The bad news continues for banks. The economy is stagnating, and profit-making opportunities are sparse, The Wall Street Journal
"If you had asked any of us three or four years ago how bad it could get, we would have missed it by a couple of hundred percent," Michael Sanchez, chief executive of Coastal Banking, based in Beaufort, S.C., told the Journal. "It just couldn't be more challenging."
Banks face weak loan demand at the same time that they are curbing their riskier lending. New regulations they must follow to lessen risk are cutting into their profits. As for loan demand, both consumers and businesses are working to cut their debts rather than taking on new ones.
Bank earnings jumped 38 percent in second quarter from a year ago, according to the Federal Deposit Insurance Corp. But that was the smallest gain in nearly two years. In addition, most of the increase came from funds that were no longer needed to cover banks’ bad loans rather than from any activity on their part.
The government sued 17 banks last week, seeking billions of dollars for mortgage investments that went sour. And the mortgage morass will constrain earnings for years.

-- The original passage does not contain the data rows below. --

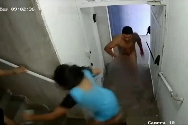 Imagens de uma câmera de segurança registraram o momento em que o casal tenta fugir do autor do ataque. Eles entram em um prédio do conjunto habitacional e são perseguidos enquanto sobem uma escada. Os três caem e lutam.
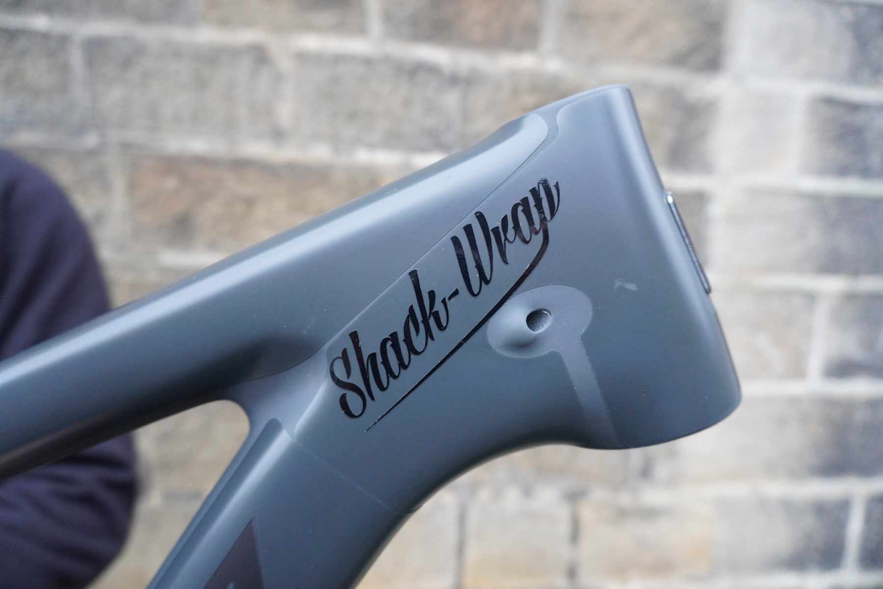 The finish around the Santa Cruz headtube badge looks amateur at best, the shack-wrap is similar, Invisifeame give a much more professional finish and look, the space around the cable inlets and headtube badge on the shack-wrap version could and should be closer.
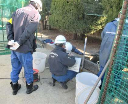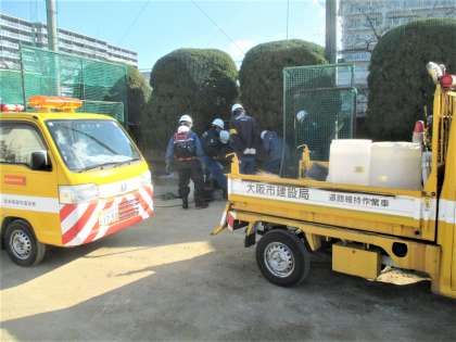 都市整備局 中浜公営所より側溝 土砂の清掃です。
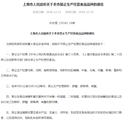 金羊网讯 记者李斯睿报道:为预防疾病和控制重大食品安全风险,上海市政府近日发布了《上海市人民政府关于本市禁止生产经营食品品种的通告》(以下简称“通告”),明确对多种水产品的生产经营进行明令禁止。毛蚶、泥蚶、魁蚶等蚶类全年禁售,醉虾、醉蟹、醉螃蜞、咸蟹在5月1日至10月31日期间停售。
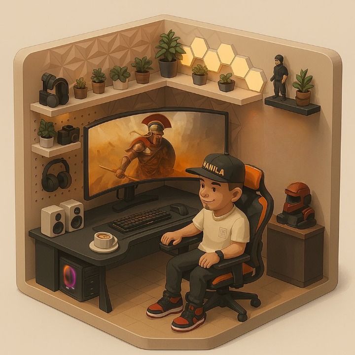 Open Chat GPT Paste this Prompt: Make an Isometric Diorama of my gaming setup(use the photo for reference) Put a cup of coffee on the table. Put hexagon rgb light on the wall and neon sign (Your Name) put mini plant and gadgets on the top shelves
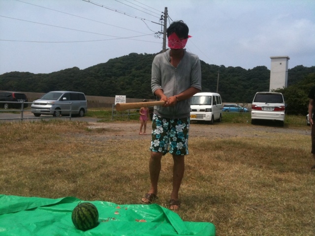僕の上司の網田も子供に混ざってスイカ割りに挑戦♪
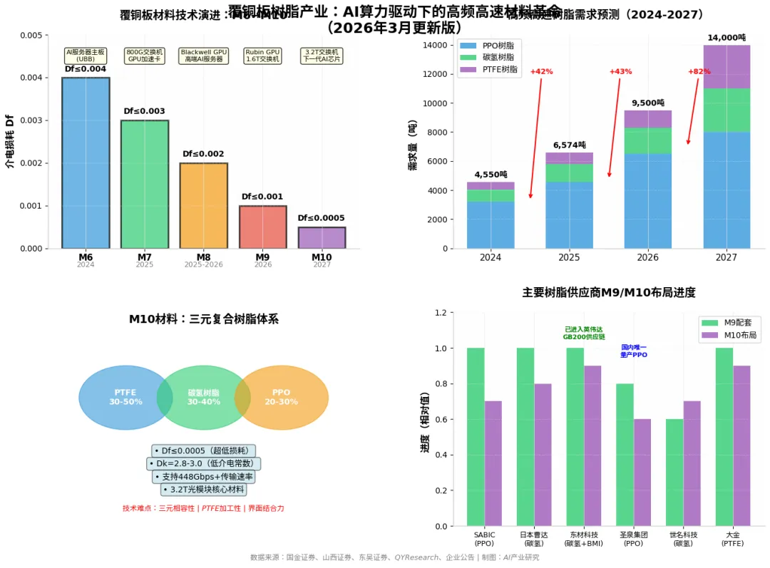 4)东材科技(碳氢树脂+BMI双龙头,3500吨M9/M10级产能2026年投产,已进入英伟达供应链)、圣泉集团(PPO龙头,全系列布局,M10低分子量PPO开发中)等国内企业凭借在M8/M9的技术积累和产能扩张,有望在M10时代实现从"国产替代"到"全球供应"的跨越,深度受益于AI算力建设带来的材料升级浪潮。
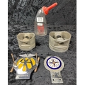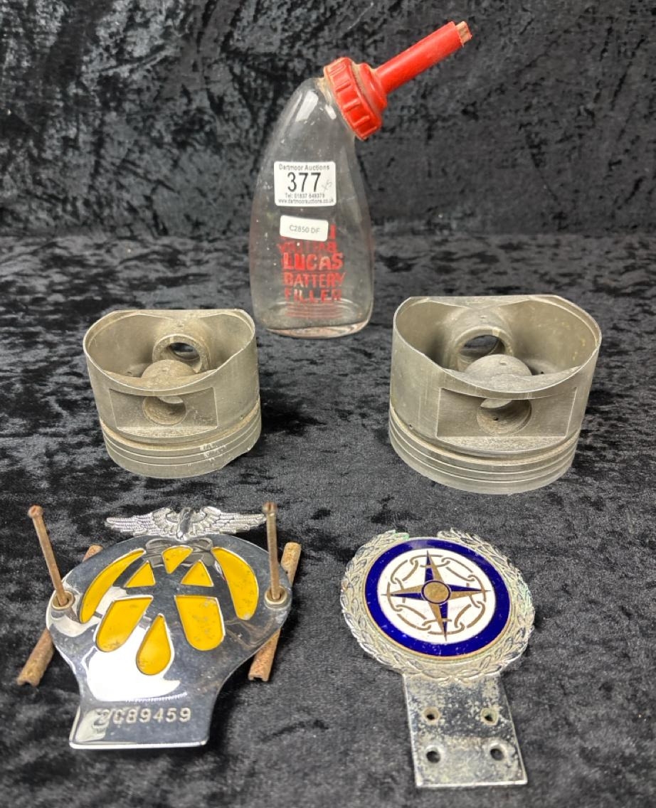 Lucas battery filler, AA car badge, a car club car badge and two forged pistons.
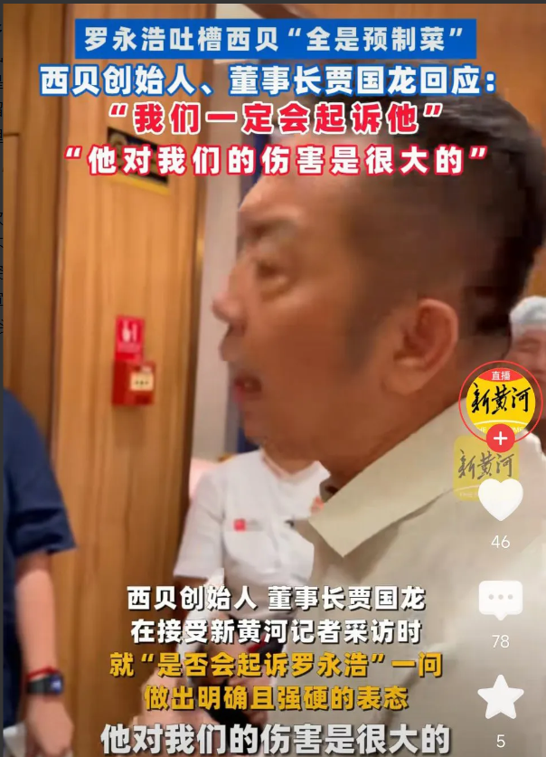 西贝贾国龙再怼罗永浩:这个人简直太坏了,狗咬我一口,我不能去咬狗一口! 网友表示: 西贝这次让老罗牵着跑,西贝还不是很会玩互联网,玩流量。不管结果怎么样,老罗己完胜! 要是真是预制菜,就赶紧道歉吧,跟老罗斗嘴,想想王自如的下场!老罗刚得很! 罗永浩说的很对啊,又贵菜量又少,还预制菜,不知道为啥还能活下去? 大家都吃过西贝,现在菜品怎么样,都有感触,罗永浩心直口快讲出来了,不理解西贝总要去证明什么,良心是个好东西,可有可无,但最起码诚实吧! 支持罗永浩,预知不预知留待后话,西贝越来越糊弄、量少价高是事实吧?自己什么价格、什么出品,自己心里不清楚?也甭拿档次说话,就一开在商场里的普通层次,价格堪比五星(200的标准,男的吃不饱,是事实吧?)不好吃还不让骂?那个鱼永远是腥的,吃完了不能说? 吃过一次,再没去过第二次。罗永浩只是说出了许多人的感受,区别是他比较有名,影响力比我们强。姓贾的不要嘴硬,正确面对人家问题就完了! 其实,邀请罗永浩随机去突击参观任何一家店的厨房,不就清清楚楚吗?如果都是现做的,还可以来一波免费宣传!
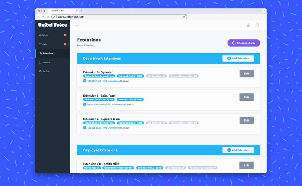 Give everyone on your team their own employee extension and set up department extensions to ring multiple phones across all locations.
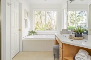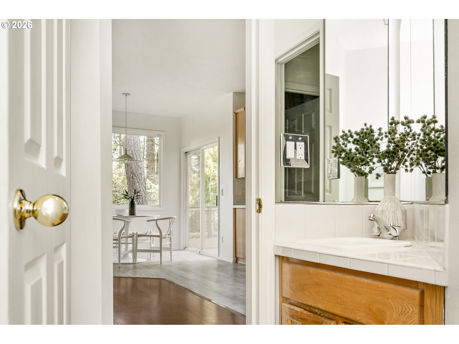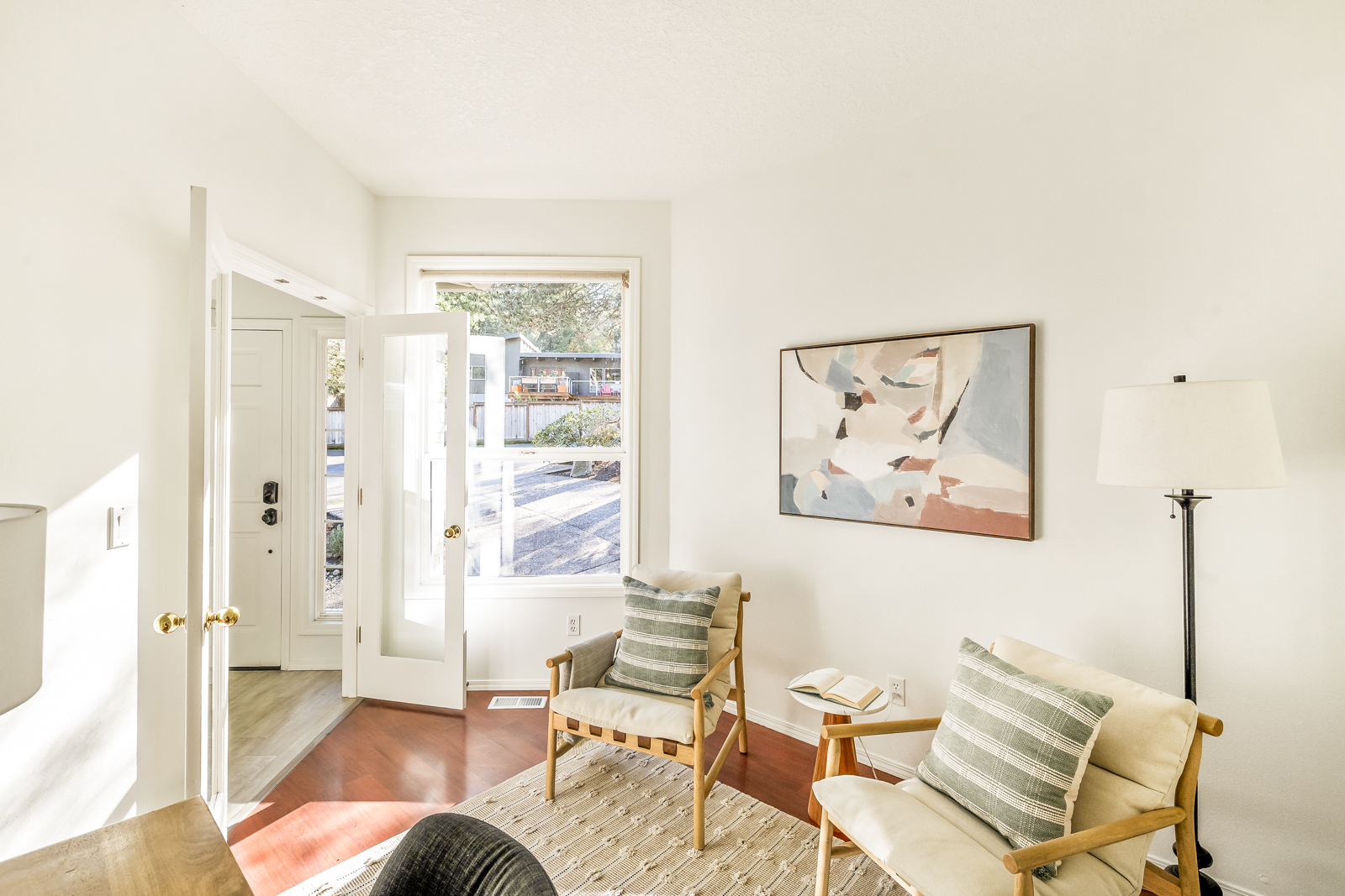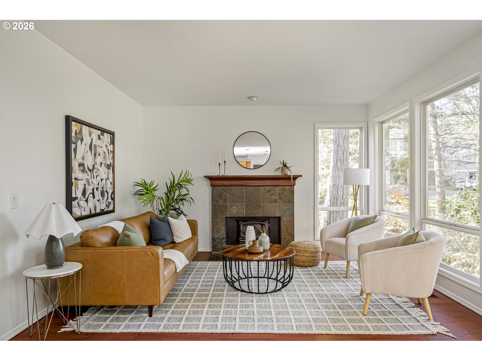 Serene living in desirable Arnold Creek! Tucked onto a quiet street with nature views, lush native plantings, and a seasonal creek flowing through the back of the property, you’ll find this stately traditional full of warmth and light.
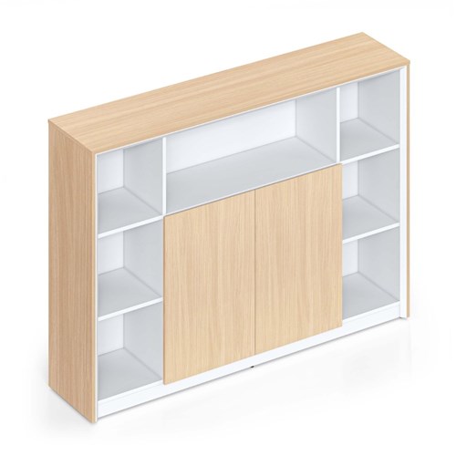 Natural Oak outer carcass and swing doors with Natural White inner profiles. Dimensions: 1800mm W x 400mm D x 1250mm H. 1 x double swing door cupboard with 1 x adjustable shelf inside. 6 x storage cubes 354W x 354D x 363mmH. 1 x storage opening 966W x 354D x 362mmH. Featuring a combination of open shelving, enclosed storage, and cubbies, this unit provides ample space for books, decor and other essentials. 5 Year Manufacturer's Warranty. Delivery, installation and assembly charges may apply to furniture. Please enquire to confirm.
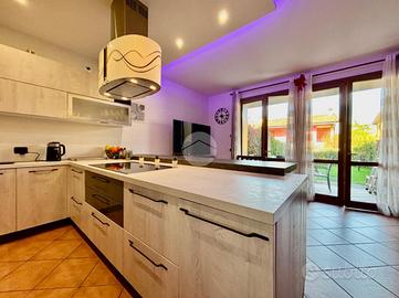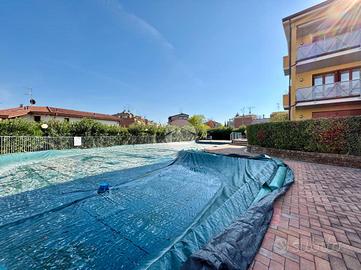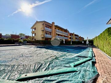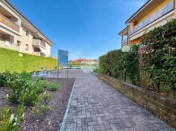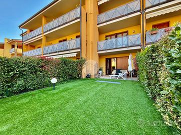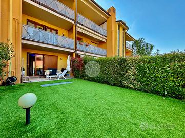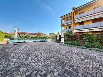 In recente residence con piscina ubicato a poca distanza dalla Spiaggia d'Oro e dal centro di Desenzano, proponiamo in vendita appartamento trilocale al piano terra con doppio giardino privato. L'appartamento si apre su una luminosa zona giorno con cucina a vista e accesso diretto al primo giardino, ideale per vivere al meglio gli spazi esterni e godere di un piacevole scorcio di vista lago. La zona notte, ben distribuita, comprende due camere da letto con uscita sul secondo giardino, perfetto per chi cerca privacy e comfort, oltre a un bagno con doccia recentemente ristrutturato. Completa la proprietà un comodo box auto al piano interrato, facilmente raggiungibile tramite ascensore. L'immobile è dotato inoltre di condizionatori Daikin. Soluzione ideale come prima casa, casa vacanze o investimento ad alta resa!
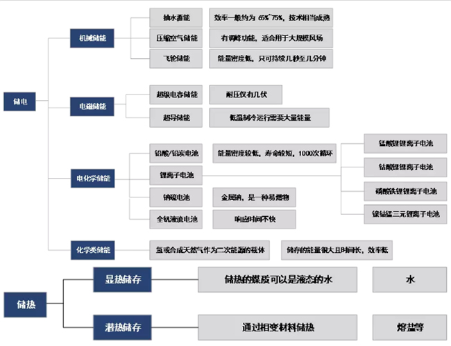 儲能技術領域分類,可分為儲電和儲熱兩大類。

For the biggest banks, which have major investment banking and trading operations, the recent financial market volatility has been troublesome. And the Dodd-Frank financial reform law limits how much money they can make from proprietary trading.
Star bank analyst Richard Bove of Rochdale Securities told CNBC that the government’s bank policies may well throw the economy bank into recession.
The government wants to break up the country’s biggest banks, he said. "It wants to see a spreading of the risks across the banking industry. The fact of the matter is it doesn't seem to care what it's doing to the economy."